'''

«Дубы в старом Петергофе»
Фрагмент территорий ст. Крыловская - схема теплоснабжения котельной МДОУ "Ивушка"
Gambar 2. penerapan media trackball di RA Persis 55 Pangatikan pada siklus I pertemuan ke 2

'''
'''

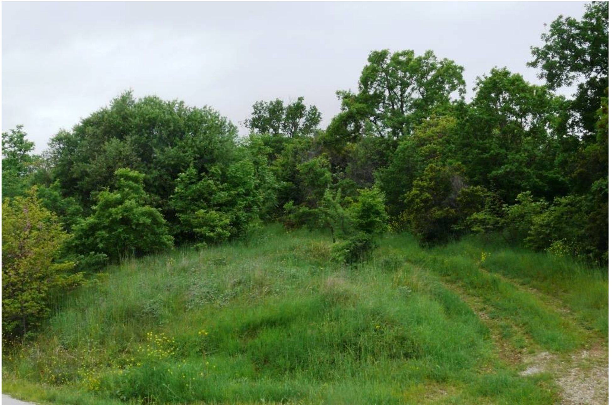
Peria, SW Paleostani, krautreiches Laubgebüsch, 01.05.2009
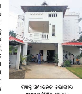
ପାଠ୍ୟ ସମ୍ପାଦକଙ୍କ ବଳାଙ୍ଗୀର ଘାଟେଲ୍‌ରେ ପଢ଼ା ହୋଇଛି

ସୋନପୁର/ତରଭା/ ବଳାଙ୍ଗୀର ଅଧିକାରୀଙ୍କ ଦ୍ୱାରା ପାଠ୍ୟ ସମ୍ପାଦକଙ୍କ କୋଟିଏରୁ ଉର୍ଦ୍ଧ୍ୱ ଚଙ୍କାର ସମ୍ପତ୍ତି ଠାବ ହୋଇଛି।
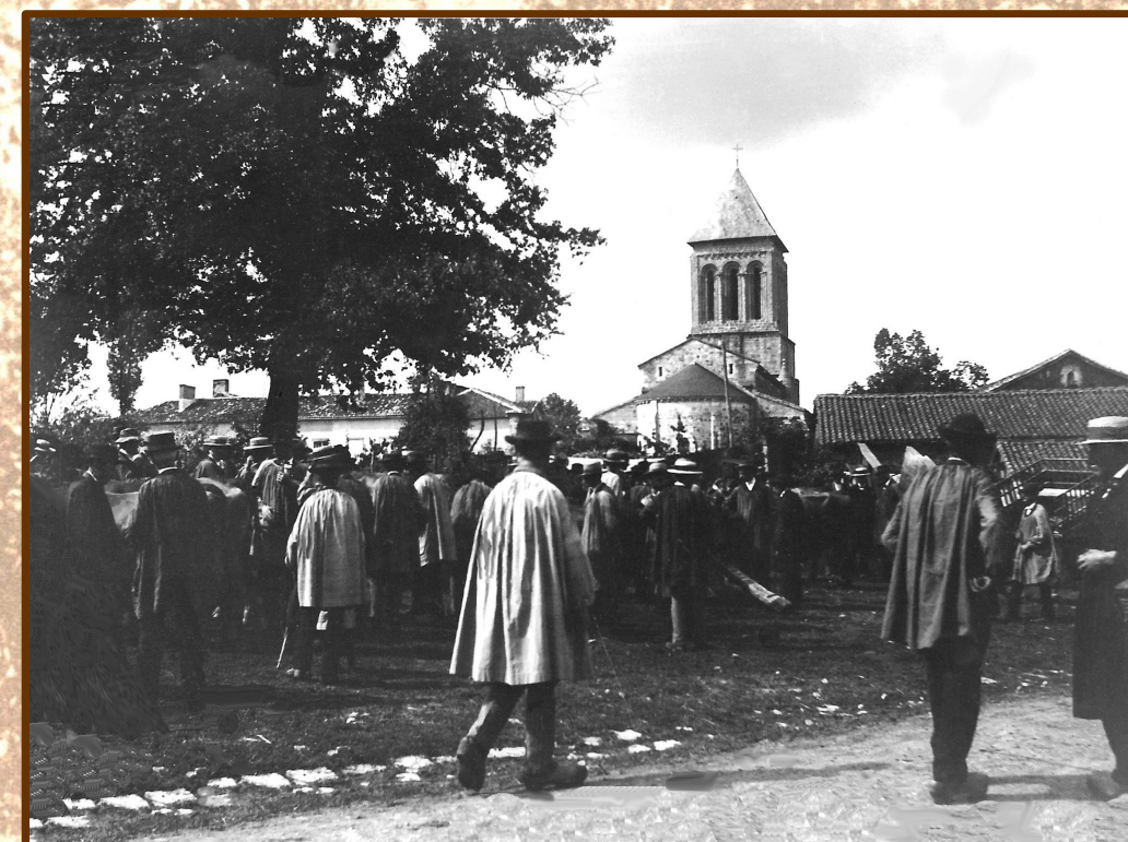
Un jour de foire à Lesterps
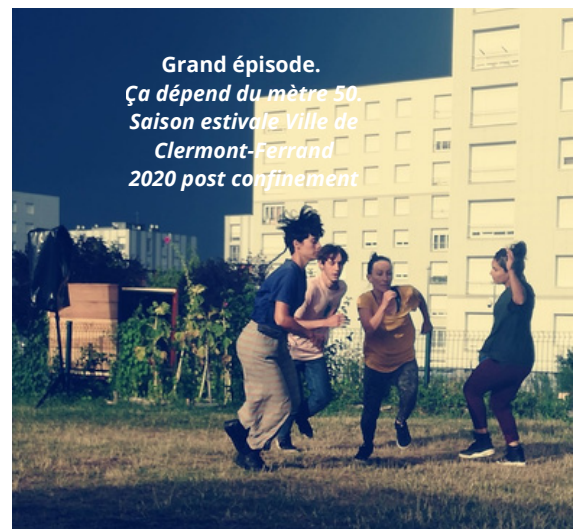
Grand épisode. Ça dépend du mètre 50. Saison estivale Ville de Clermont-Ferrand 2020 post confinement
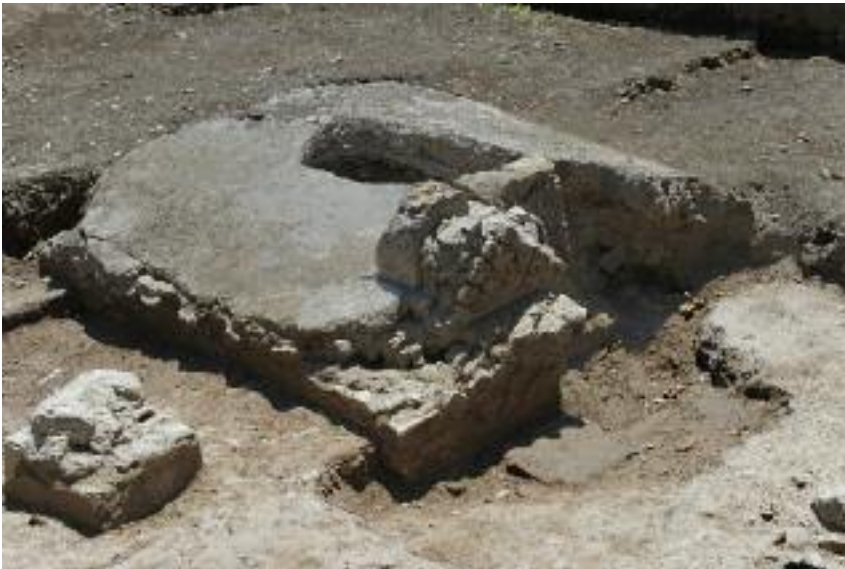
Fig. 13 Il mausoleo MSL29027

'''

▶ What the task requires
Leaving each picture behind, please give again exactly the lines above from the one with "ପାଠ୍ୟ ସମ୍ପାଦକଙ୍କ ବଳାଙ୍ଗୀର" through the one with "Fig. 13 Il mausoleo MSL29027", both included, and no others.

▶ Written response
ପାଠ୍ୟ ସମ୍ପାଦକଙ୍କ ବଳାଙ୍ଗୀର ଘାଟେଲ୍‌ରେ ପଢ଼ା ହୋଇଛି

ସୋନପୁର/ତରଭା/ ବଳାଙ୍ଗୀର ଅଧିକାରୀଙ୍କ ଦ୍ୱାରା ପାଠ୍ୟ ସମ୍ପାଦକଙ୍କ କୋଟିଏରୁ ଉର୍ଦ୍ଧ୍ୱ ଚଙ୍କାର ସମ୍ପତ୍ତି ଠାବ ହୋଇଛି।
Un jour de foire à Lesterps
Grand épisode. Ça dépend du mètre 50. Saison estivale Ville de Clermont-Ferrand 2020 post confinement
Fig. 13 Il mausoleo MSL29027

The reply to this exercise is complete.